It appears like black holes posses an escape velocity greater than the velocity of light. It takes an atom infinity energy to travel at speed of light.Do black holes posses that energy to retain light itself?What is the potential energy of a black hole?
Your question What is the potential energy of a black hole? doesn't make sense because energy is a somewhat tricky concept to deal with in GR.

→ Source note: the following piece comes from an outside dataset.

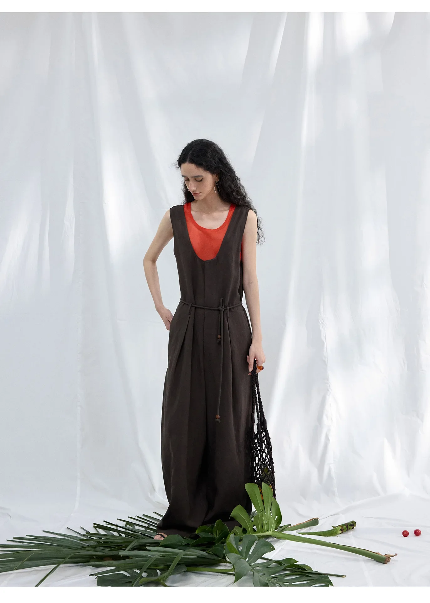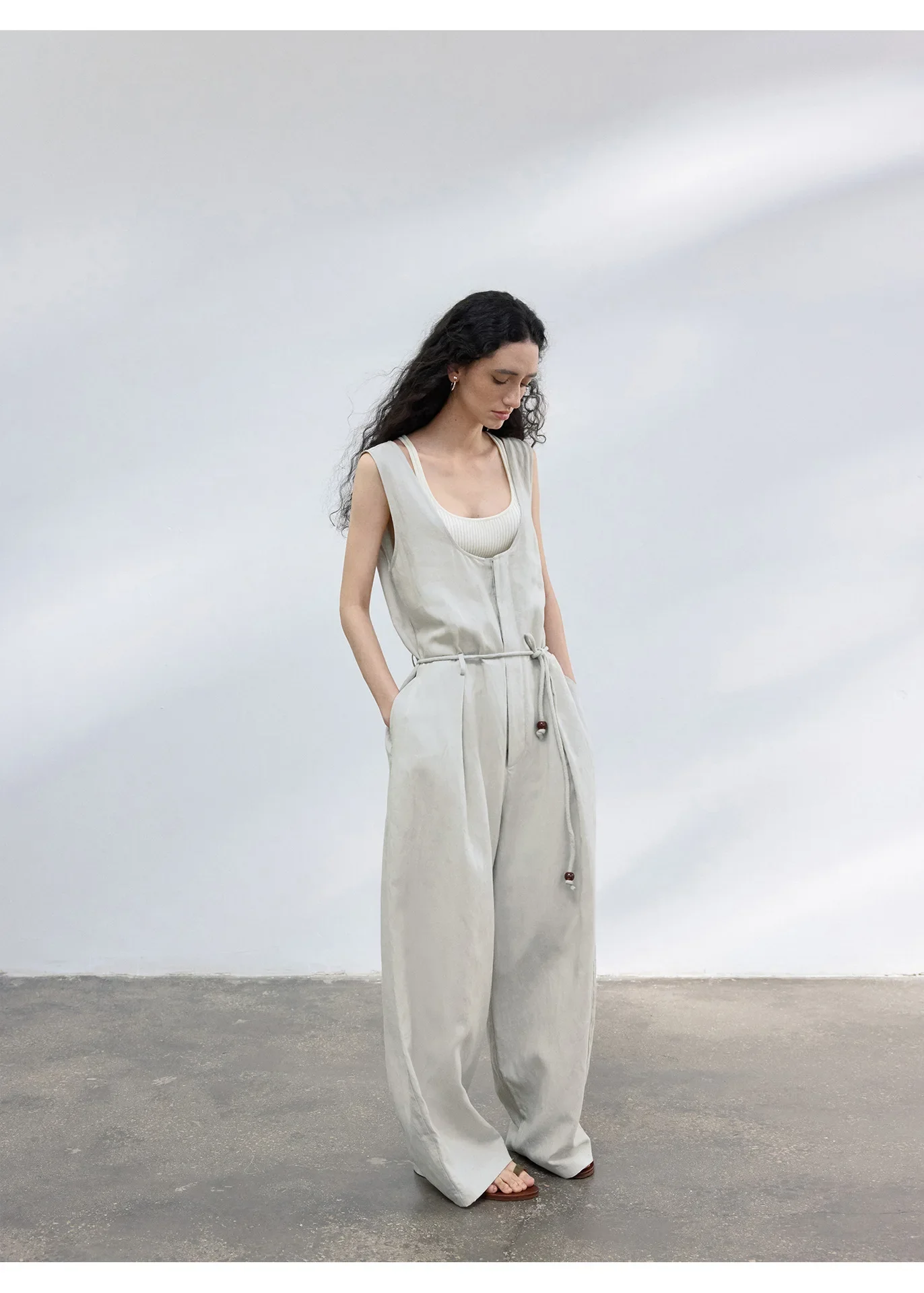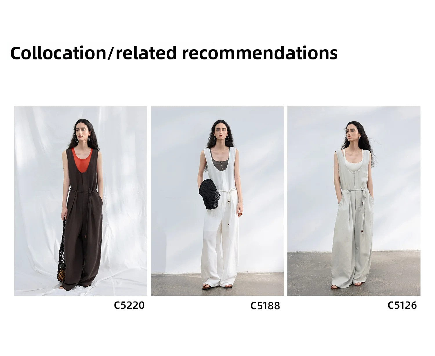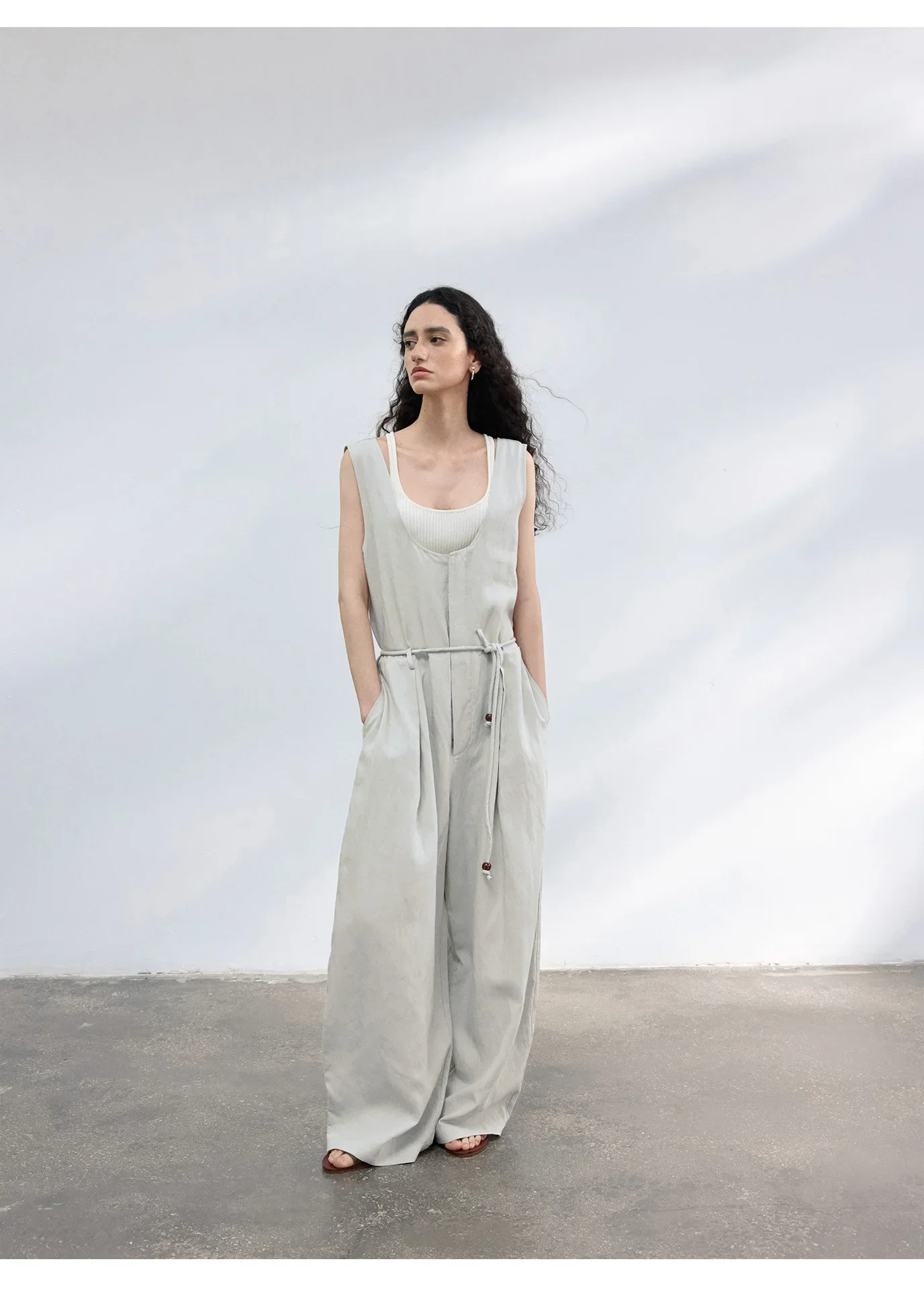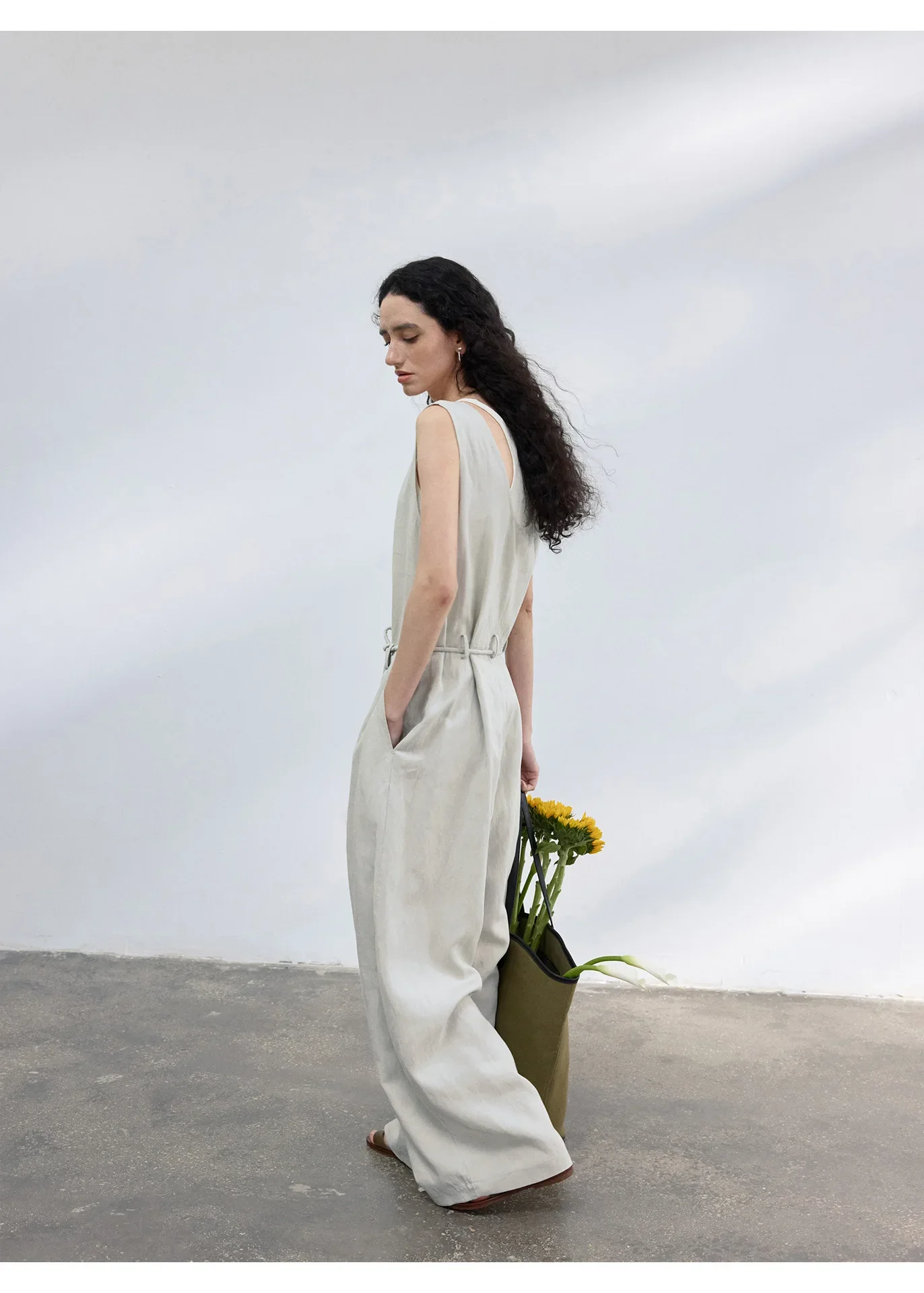Colne U-Neck Linen Blend Vest And Knife Pleat One-Piece Pants Women's Fashion Design Sensation Tianli Material Long Pants

If we treat the black hole as fixed we can study the motion of a test particle falling into it, and we find that there is a quantity analogous to total energy that is constant as the particle falls in. So in principle as the kinetic energy of the infalling particle increases its potential energy becomes more negative. But we can't easily separate this total energy into kinetic and potential. For one thing the coordinate velocity of an infalling particle tends asymptotically to zero as it approaches the horizon so it's hard to define what we mean by kinetic energy there.
Black holes are in the realm of General Relativity. In GR even the law of conservation of energy is under question when approaching singularities of the GR solution. Potential energy is a concept that comes with conservation of energy. Where the singularity in the black hole solutions is dominating, one cannot talk in terms of energy conservation and potential energy.

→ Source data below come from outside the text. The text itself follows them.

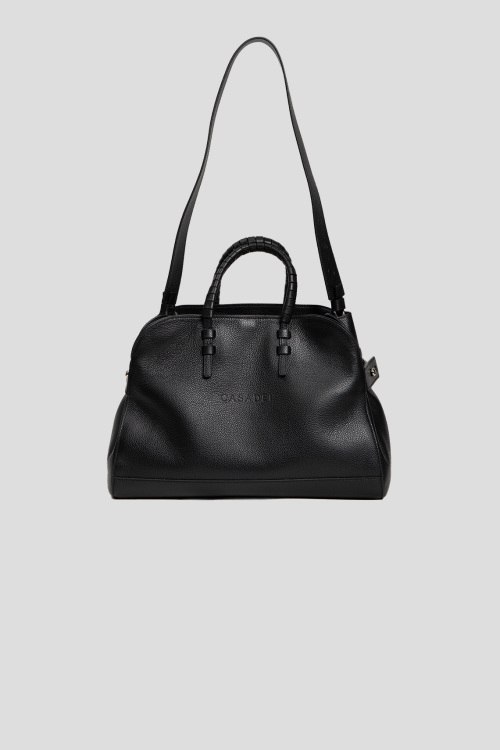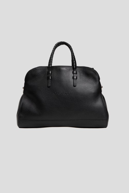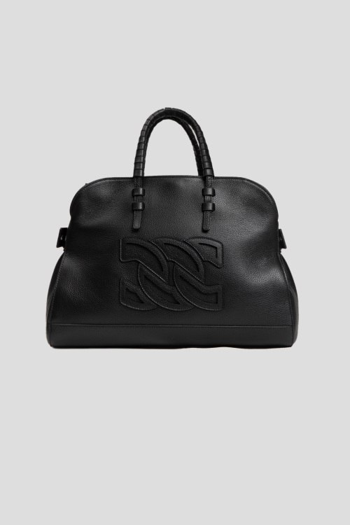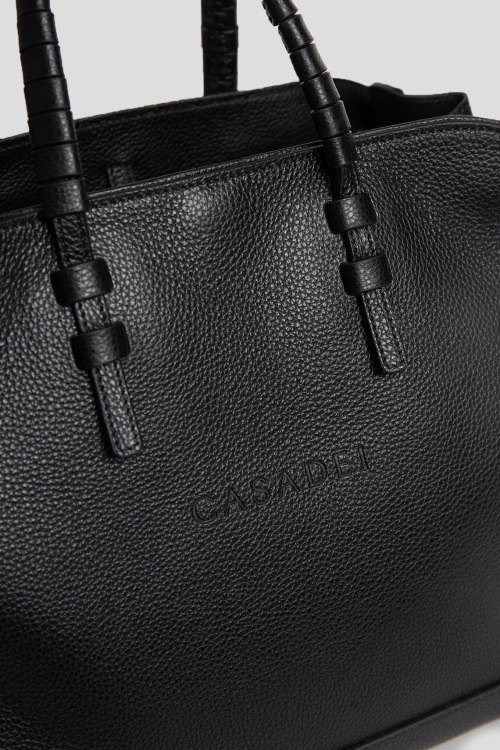 Детали: Женская черная кожаная сумка-тоут Park Avenue от Casadei (Касадей). Модель из зернистой кожи, логотип спереди и сзади, серебристая фурнитура, две плетеные ручки, съемный плечевой ремень, одно отделение, пять карманов. Размеры: высота: 22 см, ширина: 36 см, высота ручек: 12 см, ширина по дну: 17 см
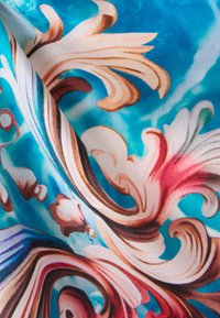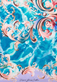 Τετράγωνο μαντήλι με μπλε μοτίβο νερού στο κέντρο και περίτεχνα ροζ, ροδακινί και χρυσά φυτικά σκαλίσματα σε λιλά περιθώριο.
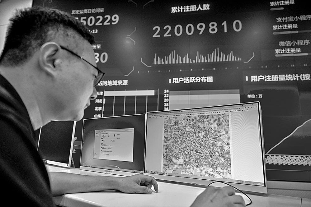 7月9日,在天津市数据发展中心,工作人员通过天津市“互联网+监管”系统实时查看城市网约车运行热力图。 近年来,天津市围绕“大城智管”目标,持续推进城市全域数字化转型,通过有效整合多部门数据资源,打造“津心办”数字社会综合应用平台、“津治通”社会治理综合应用平台、天津市“互联网+监管”系统、天津市城市运行管理服务平台等核心数字平台,实现政务事项“掌上通办”,推进城市运行管理“一网统管”,以数据汇聚共享提升城市治理的精细化与智能化水平。 新华社记者 孙凡越 摄

The behavior of particles, including photons, in space time has to be calculated using general relativity equations. These tell us that there is no escape path below the horizon.

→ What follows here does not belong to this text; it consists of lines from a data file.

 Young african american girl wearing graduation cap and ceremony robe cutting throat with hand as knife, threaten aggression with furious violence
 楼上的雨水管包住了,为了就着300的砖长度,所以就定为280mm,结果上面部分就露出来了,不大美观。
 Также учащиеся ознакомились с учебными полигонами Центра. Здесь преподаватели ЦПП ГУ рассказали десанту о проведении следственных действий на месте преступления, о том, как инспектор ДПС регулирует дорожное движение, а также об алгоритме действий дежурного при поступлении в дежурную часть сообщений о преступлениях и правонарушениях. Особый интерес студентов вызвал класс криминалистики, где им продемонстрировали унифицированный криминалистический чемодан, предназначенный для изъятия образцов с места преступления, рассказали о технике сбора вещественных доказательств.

The total energy of a testparticle in the vicinity of a Schwarzschild black hole is
$$E_{\rm total} = \frac{m \ c^2 \ \sqrt{1-r_{\rm s}/r}}{\sqrt{1-v^2/c^2}}$$
which is the sum of the rest energy, the kinetic energy and the potential energy
$$E_{\rm total} = E_{\rm rest} + E_{\rm kin} + E_{\rm pot}$$
Since the rest- and the kinetic energy are
$$E_{\rm rest} = m c^2 \ , \ \ E_{\rm kin} = \left(\frac{1}{\sqrt{1-v^2/c^2}}-1\right)m \ c^2$$
the potential energy remains
$$E_{\rm pot} = E_{\rm total} - E_{\rm rest} - E_{\rm kin}$$
which is
$$E_{\rm pot} = \frac{\sqrt{1 - r_{\rm s}/r}-1}{\sqrt{1-v^2/c^2}} m \ c^2$$
$v$ is the local (not the shapiro-delayed) velocity, $r_{\rm s}$ the Schwarzschild radius $2 \ G M/c^2$, $M$ the mass of the black hole and $m$ the rest mass of the test particle.
The total energy is, like the angular momentum, a conserved quantity throughout the whole trajectory.
For more information see Wikipedia: Schwarzschild Geodesics and Schwarzschild Trajectories
Well there is two answers: 1. It is not infinite. At a point when the black hole has taken in lots of matter, it will throw some out of the black hole to again be able to take in matter.It is like the biggest foodie in the world who can eat a lot but at a point when his tummy is full, he needs to throw up or wait until he can take in more. 2. It is infinite. According to S.Hawking , particles escape the fabric of the universe and enters another universe by black hole which is supported by string theory. However, it was also told that tearing the fabric is impossible or needs huge amount of force but even if we are able to tear it up, the strings would again stitch it. So, we must wait until we get a grand unified theory to merge gravity and quantum mechanics!